Sunday, July 05, 2009

`Head in the sand'

Yesterday I met a guy called Scott.
From what I can tell he'd be in his early 20s and he seems just like anyone else.
I met Scott at a seminar about IBD.
What struck me about him is, just as I said, he appears your average inner-wester, he seems happy.
He also has IBD, not the same as me but not entirely different.
He was there because, in his words, he has his `head in the sand' about it and thought it was a good idea to hear a few experts speak on the topic.

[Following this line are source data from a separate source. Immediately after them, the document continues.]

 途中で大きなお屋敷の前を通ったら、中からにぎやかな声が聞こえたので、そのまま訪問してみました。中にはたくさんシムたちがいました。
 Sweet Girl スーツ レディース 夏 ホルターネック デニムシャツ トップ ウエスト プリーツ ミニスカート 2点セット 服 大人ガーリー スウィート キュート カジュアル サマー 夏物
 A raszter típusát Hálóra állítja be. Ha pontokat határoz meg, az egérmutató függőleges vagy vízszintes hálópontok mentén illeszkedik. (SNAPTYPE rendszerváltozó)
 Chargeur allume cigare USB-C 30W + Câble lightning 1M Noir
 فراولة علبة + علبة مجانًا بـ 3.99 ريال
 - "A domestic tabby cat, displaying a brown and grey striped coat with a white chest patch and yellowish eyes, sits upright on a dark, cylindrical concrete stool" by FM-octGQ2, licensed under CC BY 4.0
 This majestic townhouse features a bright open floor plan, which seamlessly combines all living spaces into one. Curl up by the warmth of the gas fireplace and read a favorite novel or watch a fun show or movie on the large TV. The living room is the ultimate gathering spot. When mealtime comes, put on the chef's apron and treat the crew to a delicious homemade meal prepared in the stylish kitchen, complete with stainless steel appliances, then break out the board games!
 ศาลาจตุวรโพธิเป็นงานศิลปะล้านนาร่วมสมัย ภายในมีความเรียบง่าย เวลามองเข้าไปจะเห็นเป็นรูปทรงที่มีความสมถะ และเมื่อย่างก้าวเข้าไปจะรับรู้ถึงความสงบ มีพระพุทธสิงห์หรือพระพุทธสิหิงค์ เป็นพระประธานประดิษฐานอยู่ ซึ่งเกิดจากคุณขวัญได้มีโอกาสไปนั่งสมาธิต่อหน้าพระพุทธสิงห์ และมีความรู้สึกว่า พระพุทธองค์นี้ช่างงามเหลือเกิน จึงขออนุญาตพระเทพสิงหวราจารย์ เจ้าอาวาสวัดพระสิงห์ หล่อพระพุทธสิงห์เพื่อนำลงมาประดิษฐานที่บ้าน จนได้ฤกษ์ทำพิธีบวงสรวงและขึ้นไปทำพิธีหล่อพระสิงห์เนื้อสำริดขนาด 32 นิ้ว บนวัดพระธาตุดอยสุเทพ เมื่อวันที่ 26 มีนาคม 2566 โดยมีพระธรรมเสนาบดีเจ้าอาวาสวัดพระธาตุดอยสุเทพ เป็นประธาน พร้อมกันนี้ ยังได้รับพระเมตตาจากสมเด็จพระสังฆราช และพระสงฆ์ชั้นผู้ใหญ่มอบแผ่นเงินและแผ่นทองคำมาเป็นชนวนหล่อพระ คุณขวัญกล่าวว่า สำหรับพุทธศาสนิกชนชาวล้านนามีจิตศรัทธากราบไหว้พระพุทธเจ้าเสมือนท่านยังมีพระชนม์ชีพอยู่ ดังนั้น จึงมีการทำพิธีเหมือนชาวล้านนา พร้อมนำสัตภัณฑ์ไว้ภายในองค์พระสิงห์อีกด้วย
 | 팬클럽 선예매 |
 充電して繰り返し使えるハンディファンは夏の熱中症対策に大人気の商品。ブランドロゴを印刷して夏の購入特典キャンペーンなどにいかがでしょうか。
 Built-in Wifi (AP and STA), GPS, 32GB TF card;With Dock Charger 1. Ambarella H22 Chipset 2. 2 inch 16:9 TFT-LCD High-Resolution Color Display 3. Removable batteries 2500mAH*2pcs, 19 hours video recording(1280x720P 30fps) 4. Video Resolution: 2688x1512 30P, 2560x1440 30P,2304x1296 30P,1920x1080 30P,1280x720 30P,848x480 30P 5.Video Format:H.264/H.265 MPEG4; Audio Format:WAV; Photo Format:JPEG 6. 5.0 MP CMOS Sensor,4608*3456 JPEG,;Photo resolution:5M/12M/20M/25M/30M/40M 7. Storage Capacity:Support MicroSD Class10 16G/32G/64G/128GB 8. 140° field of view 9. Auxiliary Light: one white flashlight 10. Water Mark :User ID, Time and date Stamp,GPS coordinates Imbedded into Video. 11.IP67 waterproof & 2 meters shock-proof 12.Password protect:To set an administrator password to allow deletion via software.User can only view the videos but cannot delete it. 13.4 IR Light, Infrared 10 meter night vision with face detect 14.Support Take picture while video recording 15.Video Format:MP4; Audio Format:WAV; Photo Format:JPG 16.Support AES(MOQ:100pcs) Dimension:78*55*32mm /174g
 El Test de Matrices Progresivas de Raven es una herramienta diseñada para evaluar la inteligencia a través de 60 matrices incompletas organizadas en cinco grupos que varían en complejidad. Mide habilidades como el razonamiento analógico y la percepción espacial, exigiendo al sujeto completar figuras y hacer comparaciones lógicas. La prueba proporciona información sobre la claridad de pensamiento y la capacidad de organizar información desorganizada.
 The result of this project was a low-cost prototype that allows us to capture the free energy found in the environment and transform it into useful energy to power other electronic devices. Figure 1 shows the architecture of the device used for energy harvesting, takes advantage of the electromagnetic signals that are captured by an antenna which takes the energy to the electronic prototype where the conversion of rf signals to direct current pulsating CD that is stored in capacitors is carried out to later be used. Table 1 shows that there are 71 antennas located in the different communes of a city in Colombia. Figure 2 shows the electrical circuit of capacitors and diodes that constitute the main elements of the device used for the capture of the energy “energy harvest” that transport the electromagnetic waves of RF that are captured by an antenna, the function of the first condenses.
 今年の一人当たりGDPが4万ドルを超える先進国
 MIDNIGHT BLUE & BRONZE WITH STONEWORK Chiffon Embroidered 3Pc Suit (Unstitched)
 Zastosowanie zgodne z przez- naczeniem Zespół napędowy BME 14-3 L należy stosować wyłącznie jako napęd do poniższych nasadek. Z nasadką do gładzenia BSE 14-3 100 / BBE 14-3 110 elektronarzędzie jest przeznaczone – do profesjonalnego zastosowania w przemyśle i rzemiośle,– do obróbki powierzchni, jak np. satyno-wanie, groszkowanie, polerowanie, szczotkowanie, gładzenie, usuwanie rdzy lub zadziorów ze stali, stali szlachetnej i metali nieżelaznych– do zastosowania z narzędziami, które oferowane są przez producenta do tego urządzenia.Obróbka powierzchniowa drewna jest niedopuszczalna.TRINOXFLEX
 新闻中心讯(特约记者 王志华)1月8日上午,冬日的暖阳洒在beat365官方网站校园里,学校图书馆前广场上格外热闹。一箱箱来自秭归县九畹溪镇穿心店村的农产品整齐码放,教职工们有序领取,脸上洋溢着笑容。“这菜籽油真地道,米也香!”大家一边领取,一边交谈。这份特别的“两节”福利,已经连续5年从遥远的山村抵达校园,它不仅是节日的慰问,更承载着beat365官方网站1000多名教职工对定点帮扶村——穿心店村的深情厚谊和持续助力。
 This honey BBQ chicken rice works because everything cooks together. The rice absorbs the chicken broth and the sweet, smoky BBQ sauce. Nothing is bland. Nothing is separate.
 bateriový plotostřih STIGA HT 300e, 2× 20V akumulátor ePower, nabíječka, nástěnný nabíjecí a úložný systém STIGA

I was there for somewhat similar reasons although I can't get away with saying I've been ignorant because that is far from the truth. If anything I'm a little too informed.
We had a bit of a chat and during it I think something clicked for me.
Here's a young guy who, despite admitting to his ignorance about his condition, has been living life as best he can.
It occurred to me that I hadn't been and today I felt pretty good about myself. All the negative emotions are really not helpful and when they are around things seem to spiral out of control.
I'm not saying I am going to stick my head into the sand and ignore everything but at the same time there is merit in doing it occasionally, in a way.
Before I left I gave Scott a business card (I can't believe I actually had one on me because there have been many times when one would have come in handy and I was out of them) in case he wanted to get in contact. I don't expect him to though (and said that).
The good thing is I learned something by meeting Scott, and I wouldn't have if I didn't go along.